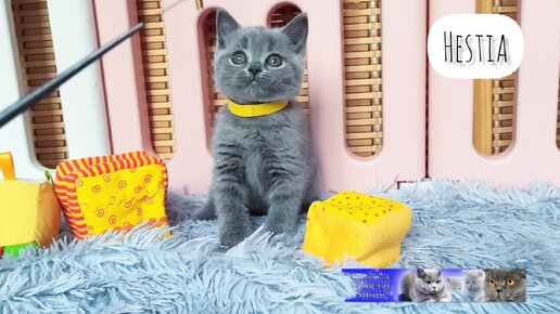Голубая британская кошечка Hestia. Позирует на камеру.
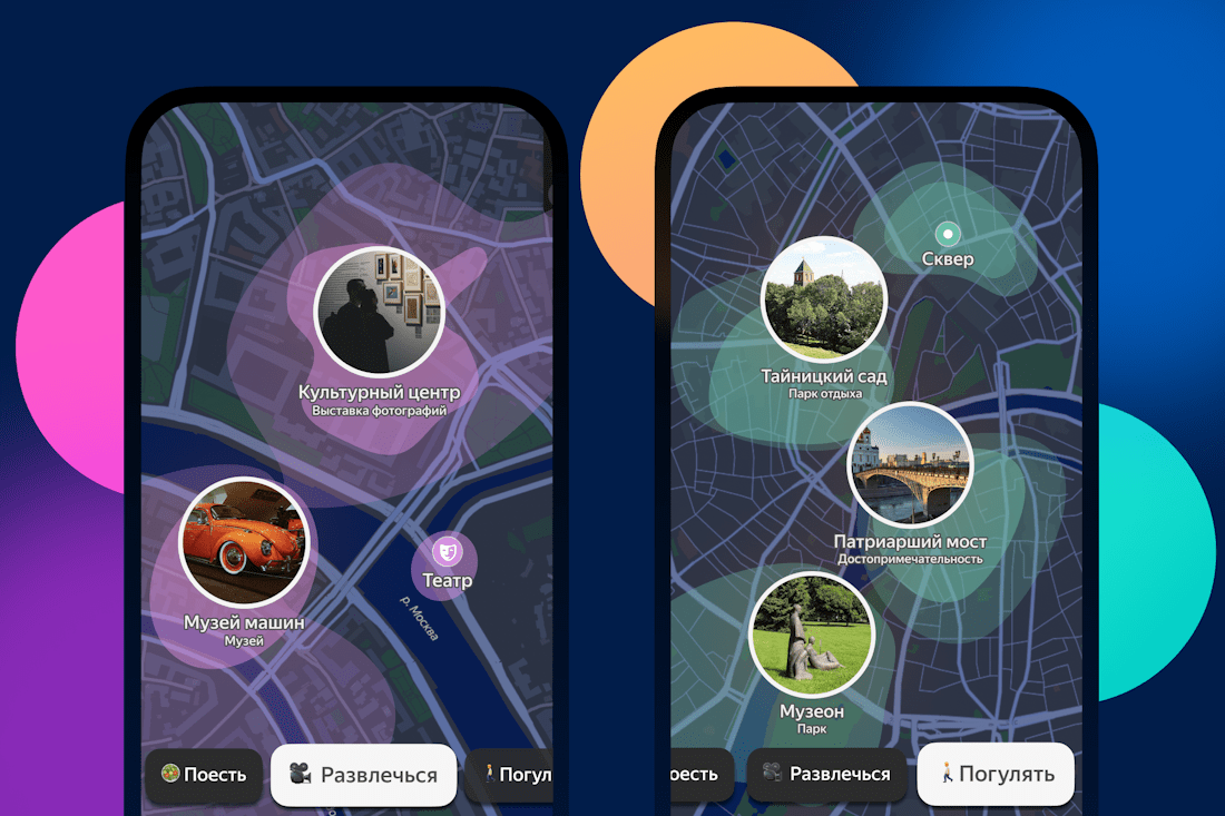 В «Идеях» появились новые рубрики «Развлечься» и «Погулять». Нажав на кнопку «Развлечься», пользователи увидят на карте места с развлечениями, которые могут им понравиться, например, концертные залы, аквапарки и клубы.
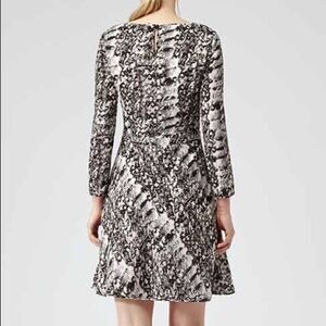 REISS Heidi Snake Print Flared Dress, size 4. Excellent condition. Fully lined. Side zip. Dry clean only. Care & content tags in photos. 100% polyester

▸ Goal of the exercise
Leaving aside every picture, transcribe exactly the lines that run from the one with "аквапарки и клубы." to the close of the listing above.

▸ Answer area
 В «Идеях» появились новые рубрики «Развлечься» и «Погулять». Нажав на кнопку «Развлечься», пользователи увидят на карте места с развлечениями, которые могут им понравиться, например, концертные залы, аквапарки и клубы.
 REISS Heidi Snake Print Flared Dress, size 4. Excellent condition. Fully lined. Side zip. Dry clean only. Care & content tags in photos. 100% polyester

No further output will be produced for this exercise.